Жене, однако, стоило бы обратить внимание на странную для каторжника фразу: «Сейчас я верю в себя и в свои силы всё пережить… Я на личном опыте понял, что внешние обстоятельства жизни человека не только не исчерпывают, но даже не определяют собой, даже не являются главными в его жизни». Быть может, эти слова показались ей пустым бодрячеством, за которым нет никакой реальности: свидания в каторжном лагере были невозможны, приезжать ей туда не было никакого смысла, он писал, что думать о будущем незачем, ибо это расслабляет, и надо искать смысл существования в сегодняшнем дне.

И Наташа, наконец, решилась изменить свою жизнь, ответив на ухаживания коллеги, доцента-химика Всеволода Сомова, десятью годами старше, недавнего вдовца и отца двух мальчиков 7 и 12 лет. Даже узнав правду (которую она доселе упорно скрывала) о муже-заключённом, Сомов не отступился, а лишь усилил напор. «Они с моей мамой почувствовали друг к другу большую симпатию. Мама предложила ему заходить к нам. Мама относилась к В. С. с большой теплотой. Она боялась моего неизвестного будущего с Саней». Вскоре коллега-химик, специалист по комбикормам для свиноматок, действительно стал в жизни Решетовской «реальным человеком», как она отныне называла их отношения. Сведения о Сане в анкетах были окончательно закреплены за графой о бывшем муже, и нужно было срочно возобновлять хлопоты по расторжению брака. Она долго молчала, тянула, медлила написать «бывшему», что он и в самом деле уже бывший. Только летом 51-го, после полугодового молчания, послала ему из Кисловодска, где была в отпуске, странное, на полстраницы, невнятное, начатое через силу и оборванное на полуслове письмо. Ещё через полгода он получил поздравление к тридцать третьему дню рождения – жена желала ему «счастья в егожизни».

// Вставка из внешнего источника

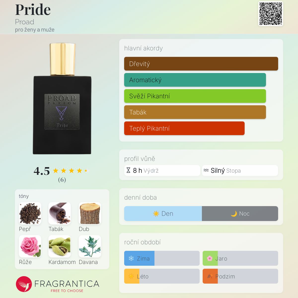 Pride podle Proad je Woody Spicy vůně pro ženy a muže. Toto je nová vůně. Pride byl/a uveden/a v roce 2025. "Nosem" za touto vůní je Dominique Ropion. Vrchní tóny jsou Černý pepř, Kardamom, Maliny a Likér; střední tóny jsouTurecká růže, Davana a Inkoust ; základní tóny jsou Tabák, Dub a Vetiver.
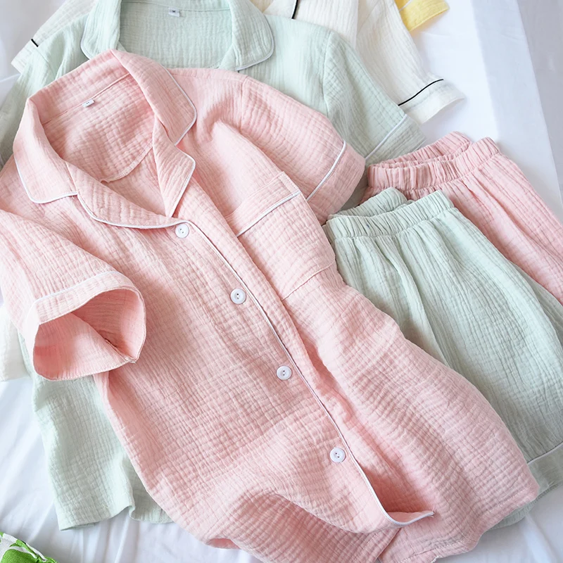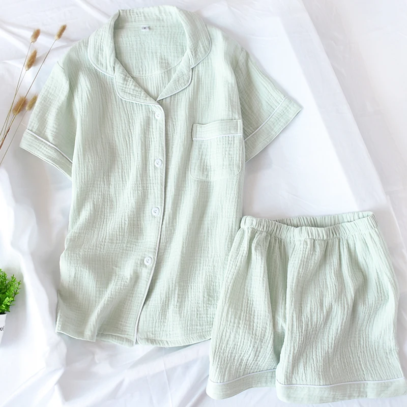 Пижама женская, из хлопка и крепа, с коротким рукавом
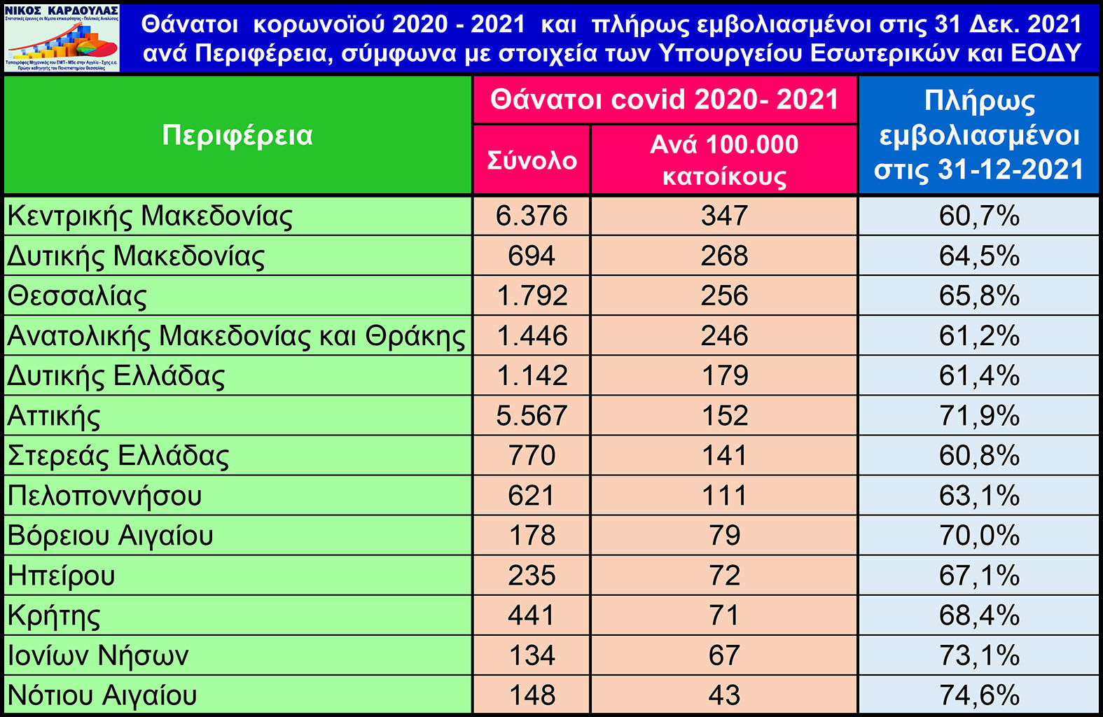 Στον παρακάτω πίνακα απεικονίζονται οι θάνατοι λόγω covid-19 των ετών 2020 και 2021, σύμφωνα με τις ληξιαρχικές πράξεις θανάτου λόγω covid-19 που ανακοίνωσε το Υπουργείο Εσωτερικών. Στον πίνακα απεικονίζονται επίσης και τα ποσοστά των πλήρως εμβολιασμένων των Περιφερειών στις 31 Δεκεμβρίου 2021, σύμφωνα με στοιχεία του ΕΟΔΥ.

«Не буду себя ни оправдывать, ни винить. Я не смогла через все годы испытаний пронести свою “святость”. Я стала жить реальной жизнью».

Но жизнь имеет обыкновение радикально изменять реальность, особенно мнимую. В феврале 1951 года доцент Решетовская получила две смежные комнаты с подселением в трёхкомнатной квартире преподавательского двухэтажного деревянного дома (1-й Касимовский переулок, 12, кв. 3, позже ул. Урицкого, 17), где вместе с ней стала жить мама – и коллега-химик в качестве супруга (их брак никогда не регистрировался).

Судьба, однако, распорядится так, что всего через восемь лет здесь будет написан «Один день Ивана Денисовича». Истинной реальностью окажется зимний лагерный день, носилки с раствором и гениальный замысел одного политического зэка.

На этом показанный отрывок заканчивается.